Educational Psychology

There is no single way for any one person to absorb and remember information. Educational psychology is the study of how differently people learn in academic settings and may include topics such as gifted learners, learners with disabilities, individual learning preferences, and the process of instruction itself. Though much of this branch of study focuses on early childhood and adolescence, the increase of adults continuing their education has become an area of interest as well. Within the field of educational psychology, there are four major perspectives to be considered: behavioral, developmental, cognitive and constructivist.

The behavioral perspective frames human behavior as being learned by conditioning. One principle which forms the backbone of this theory is operant conditioning. Operant conditioning, or instrumental conditioning, is a learning process by which positive or negative reinforcement is used to adjust or attain a particular behavior. For example, a parent may reward a child who struggles in school with a lollipop for receiving a good grade on a test.

The developmental perspective considers the process of how a child gains new skills and understanding in various stages of their lifespan. A popular example of this is Jean Piaget’s psychology theory of The Four Stages of Cognitive Development in which he summarizes the characteristics and abilities of a child by their age range. A conclusion of this theory is that children integrate new information and thought processes as they age, and not that age produces more intelligence only. It is useful for educators to understand what their students are capable of, so that they can adapt their teaching methods and curriculum accordingly.

The cognitive perspective incorporates ideas such as memory, perception, and problem-solving abilities of a learner. The main interest of this perspective lies in understanding what encourages a student to learn and how they retain information. The mind, in this theory, is viewed to be almost computerlike in the way it perceives and processes new data. It differs from the previous two approaches in that it considers the mental state of the child. Knowing a child’s motivations, beliefs, and desires are central to this perspective. Additionally, the cognitive perspective is more receptive to scientific based solutions to issues.
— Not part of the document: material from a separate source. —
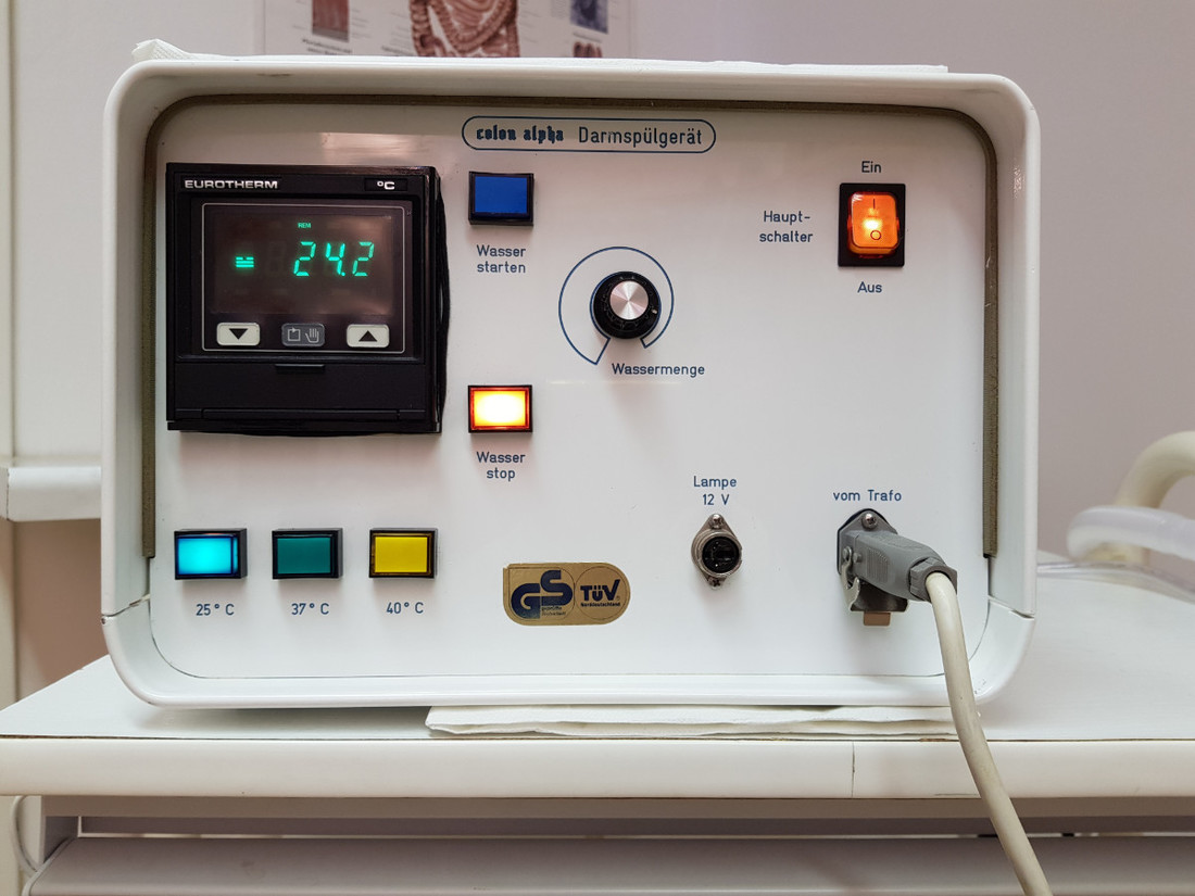 Mithilfe eines medizinischen Colon-Hydro-Gerätes wird während ca. 45 Minuten der Dickdarm etliche Male mit körperwarmem Wasser aufgefüllt und gespült. Es handelt sich hierbei um ein in sich geschlossenes System, sodaß es zu keiner Unterbrechung oder Geruchsbelästigung kommt. In Seitenlage wird ein eingefettetes Darmröhrchen vorsichtig ein paar Zentimeter in den Enddarm eingeführt. Am äußeren Ende des Darmröhrchens sind zwei Abzweigungen, eines für den Wasserzufuhrschlauch, eines für den Abflußschlauch. Der Zufuhrschlauch ist mit dem Gerät verbunden, dieses wiederum mit dem Trinkwasseranschluß. Im Gerät wird die Temperatur und der Druck reguliert, der Abflußschlauch führt zum Abwasserrohr.
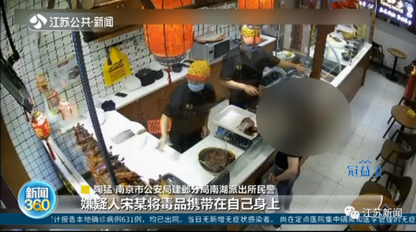 监控中,嫌疑人宋某将毒品带在自己身上,到了熟食鸡鸭店内,通过跟工作人员交谈,不停进出店铺,频繁地把鸡鸭拿过来再还给店员,分散了店员的注意力。

A more recent theory is the constructivist approach. While the previous perspectives focus on the child’s behavior, capabilities and motives, this approach looks into outside influences such as social and cultural conditions. It is based on the idea that people build on their knowledge through experience. An educator may choose to integrate this approach into their classroom by adding collaborative learning opportunities such as group projects.

Every individual has a profile of traits, skills and challenges that result from development and environment. This profile manifests itself in varying expressions of creativity, cognitive styles, motivation, communication skills, and relational ability from person to person. While the use of intelligence testing has been a subject of some debate, it is largely used in developed countries to identify children who would benefit from specialized instruction. Children who are classified as gifted are often provided with accelerated programs. Conversely, children who struggle may be given specific educational programs to target their challenges. The most common disabilities that may be encountered in the school setting are ADHD, dyslexia, speech disorders, hearing impairment, and blindness.


An educational psychology course has many benefits. This course prepares future educators to create environments that enable students of all abilities to succeed academically. This can be accomplished by truly understanding the cognitive, developmental and behavioral differences of each student. Teaching methods can then be effectively implemented to cater to the varying needs of all students.